Give back the lines below verbatim, omitting all pictures.

* [SUPPLIED DATA]:
____

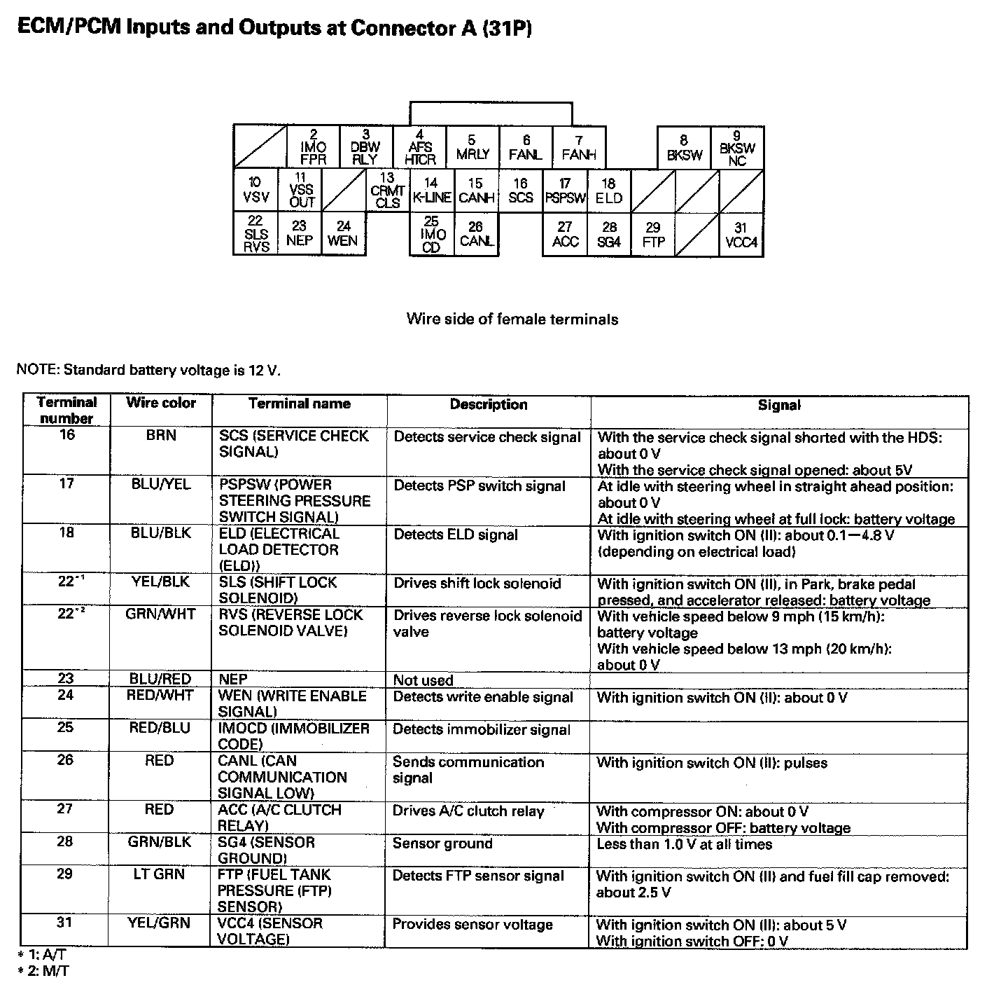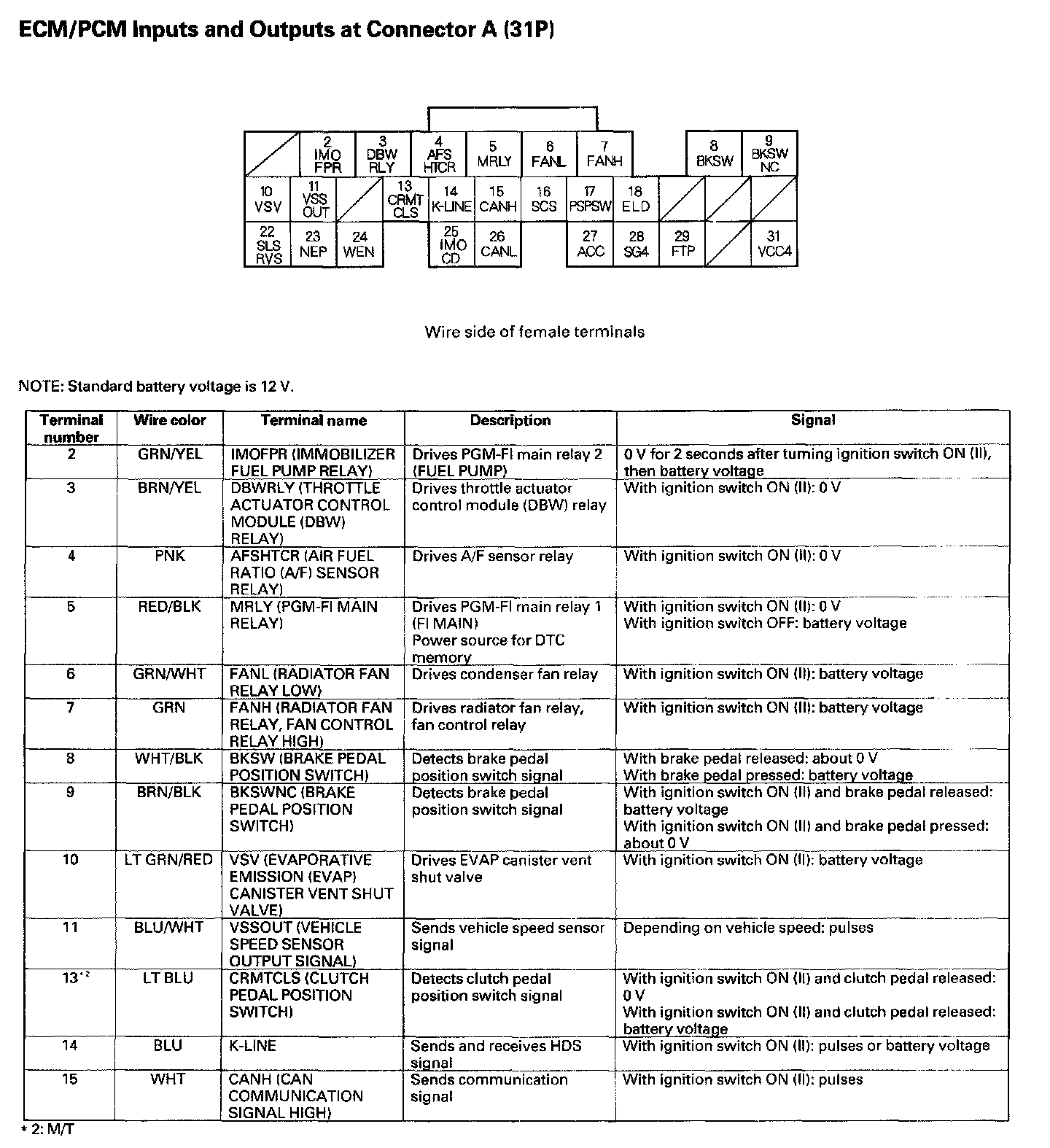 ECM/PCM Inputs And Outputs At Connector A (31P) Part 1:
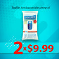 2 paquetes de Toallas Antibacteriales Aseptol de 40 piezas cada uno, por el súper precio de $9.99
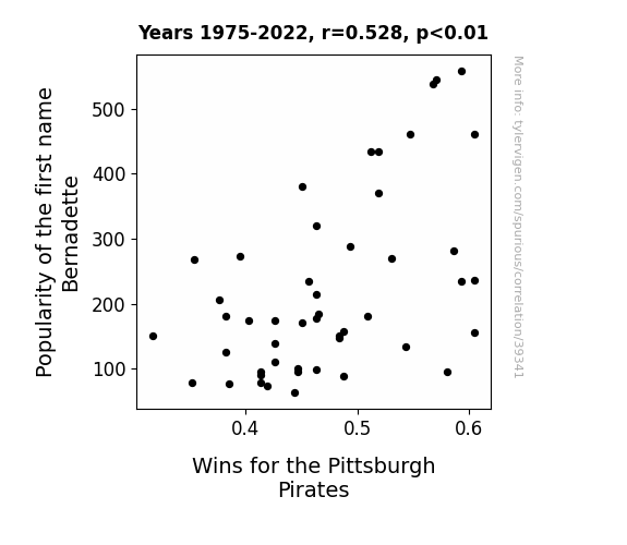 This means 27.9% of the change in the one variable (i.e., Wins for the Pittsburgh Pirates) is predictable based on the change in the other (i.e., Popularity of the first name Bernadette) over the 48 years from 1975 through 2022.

____

* [EXERCISE ANSWER]:
 ECM/PCM Inputs And Outputs At Connector A (31P) Part 1:
 2 paquetes de Toallas Antibacteriales Aseptol de 40 piezas cada uno, por el súper precio de $9.99
 This means 27.9% of the change in the one variable (i.e., Wins for the Pittsburgh Pirates) is predictable based on the change in the other (i.e., Popularity of the first name Bernadette) over the 48 years from 1975 through 2022.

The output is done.